*** Opening of DATA RECORDS ***

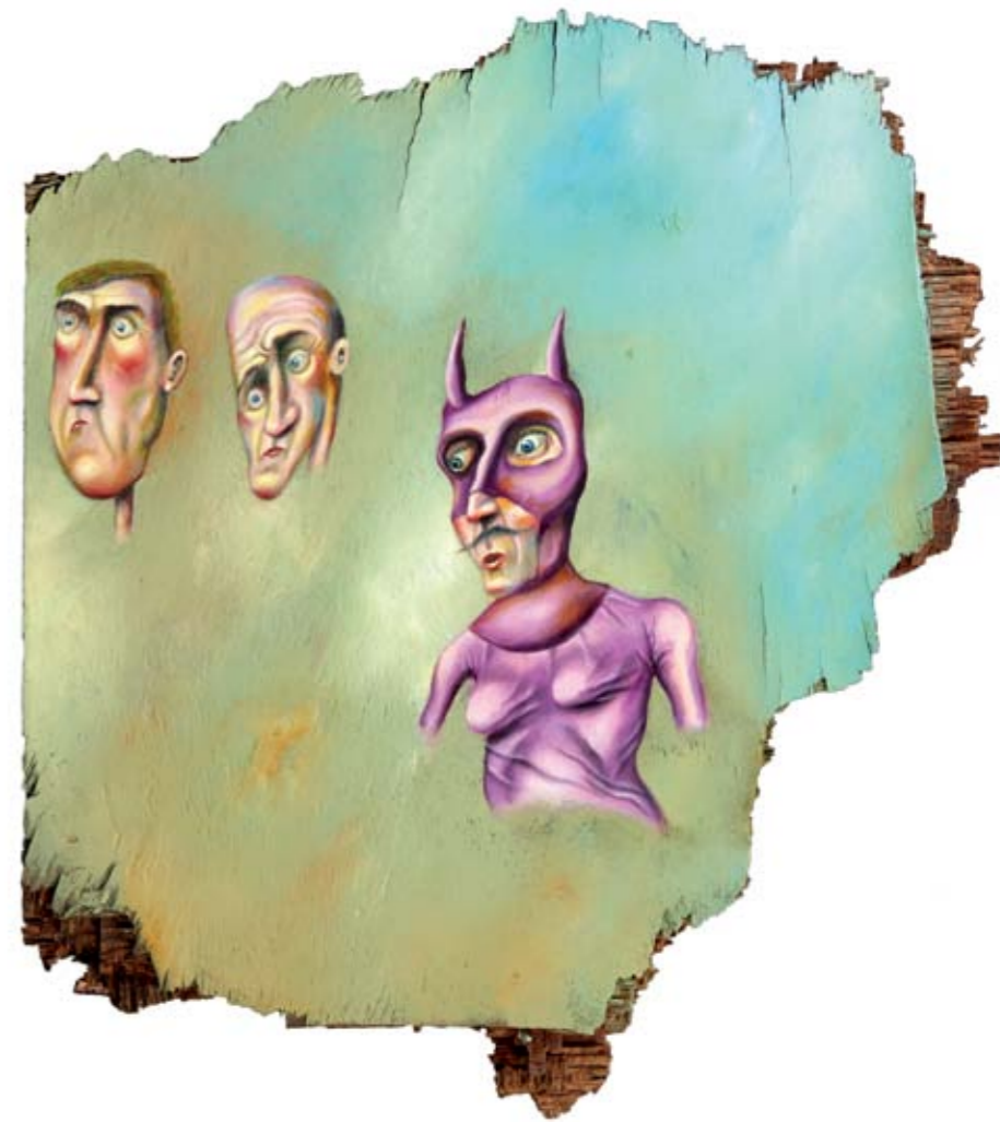
A Batman with tits was bound to generate controversy
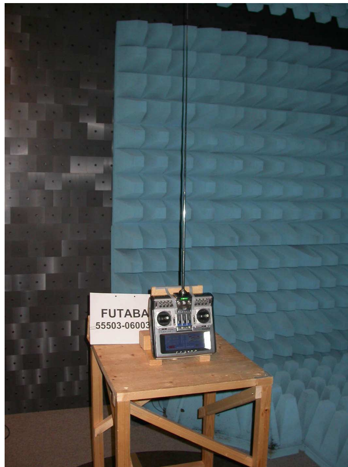
Figure 1: EUT in upright position
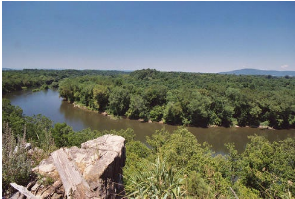
View of the Potomac River
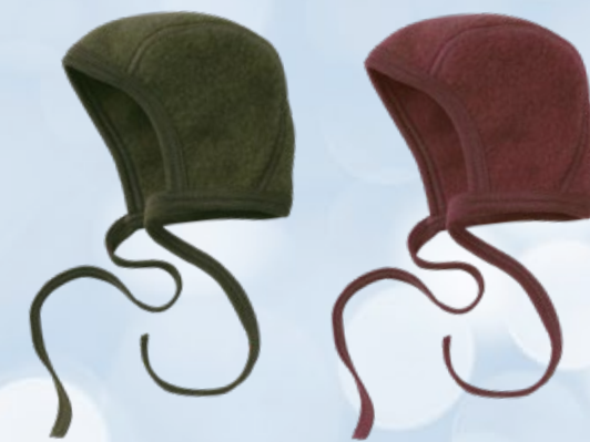
57 5550 044E – reed mélange
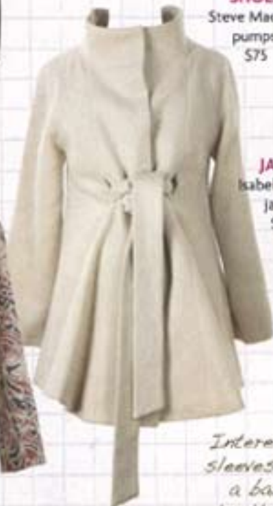
JACKET Isabella Oliver jacket, $330

Interesting sleeves take a basic turtleneck to a chic new level.
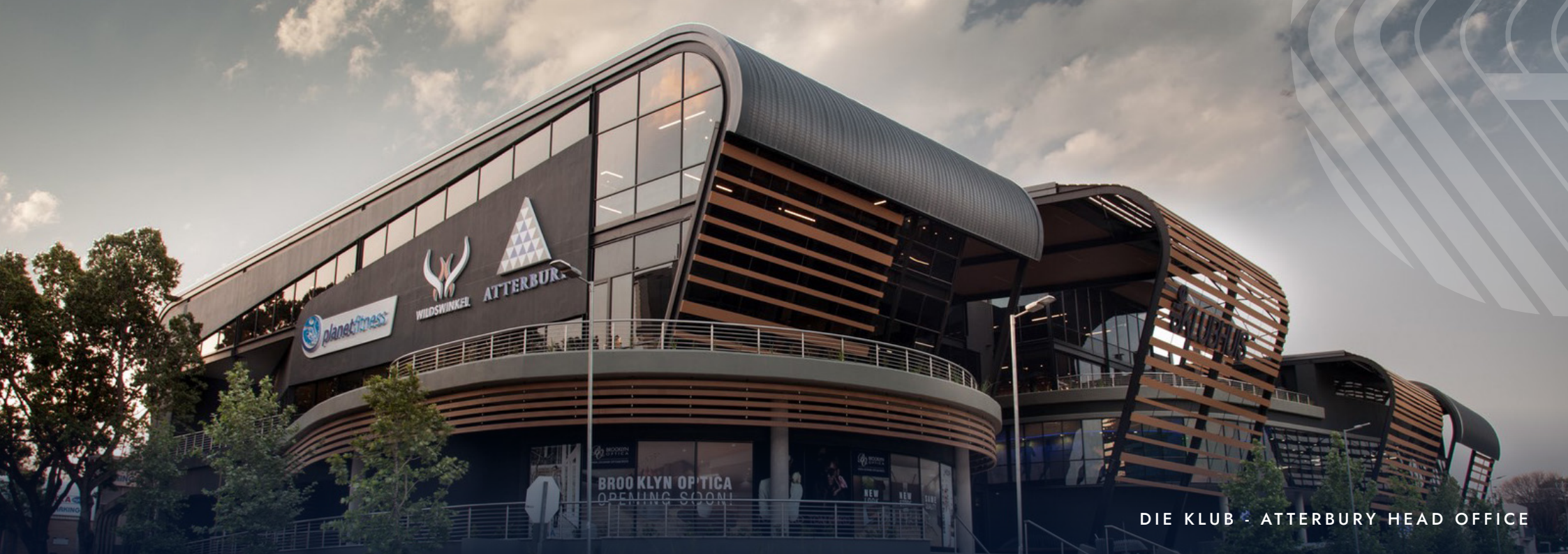
DIE KLUB • ATTERBURY HEAD OFFICE
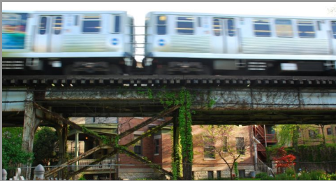
CTA Approves $3.4M in Contracts to Expand Workforce Partner Program
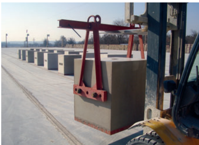
Special components made of SCC – another Dolomit speciality

Although the young company is not yet one of the big players in the Hungarian market,
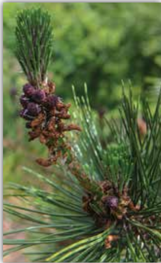
JAPANESE BLACK PINE

Each year we produce a variety of native conifer and hardwood seedlings and transplants along with ground covers, landscaping shrubs, perennials and ornamental grasses. We offer the broadest selection of plant material available from one nursery. Musser Forests grown plants are shipped throughout the entire United States.
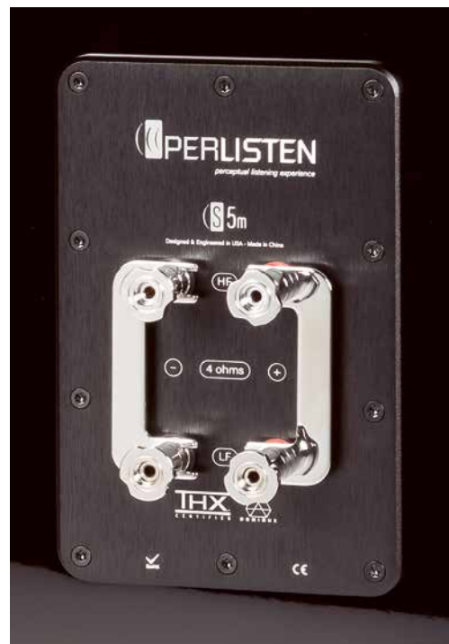
The bi-wiring terminal of the Perlisten Signature S5M is of course of high quality and is ready for uncompromising bi-amping.
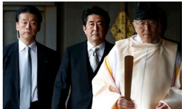
Abe (center) visiting Yasukuni Shrine

Abe's visit to the Yasukuni Shrine in December 2013 was only the climax of his career as a historical revisionist. It has been his declared objective to "overcome the postwar regime" and rectify the "distorted image" of Japan's wartime past rooted in Japanese society. The image that he is referring to, one widely shared not only by Japan's Asian neighbors but also by its patron and ally the United States, is that of Japan as an aggressor nation in the Asia-Pacific War (1931-45). For Abe, the war was rather one fought for the defense of Japan against the Western colonial powers and for the liberation of East Asia.
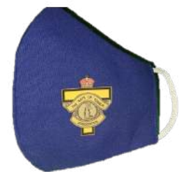
ROTA FACEMASK Small or large Special offer $7

*** Close of DATA RECORDS ***

**PROBLEM TO SOLVE**
Beginning at the line that has "Figure 1: EUT in upright position" and ending at the line that has "JAPANESE BLACK PINE", restate the listing above word for word, pictures left out.

**ANSWER SECTION**
Figure 1: EUT in upright position
View of the Potomac River
57 5550 044E – reed mélange
JACKET Isabella Oliver jacket, $330

Interesting sleeves take a basic turtleneck to a chic new level.
DIE KLUB • ATTERBURY HEAD OFFICE
CTA Approves $3.4M in Contracts to Expand Workforce Partner Program
Special components made of SCC – another Dolomit speciality

Although the young company is not yet one of the big players in the Hungarian market,
JAPANESE BLACK PINE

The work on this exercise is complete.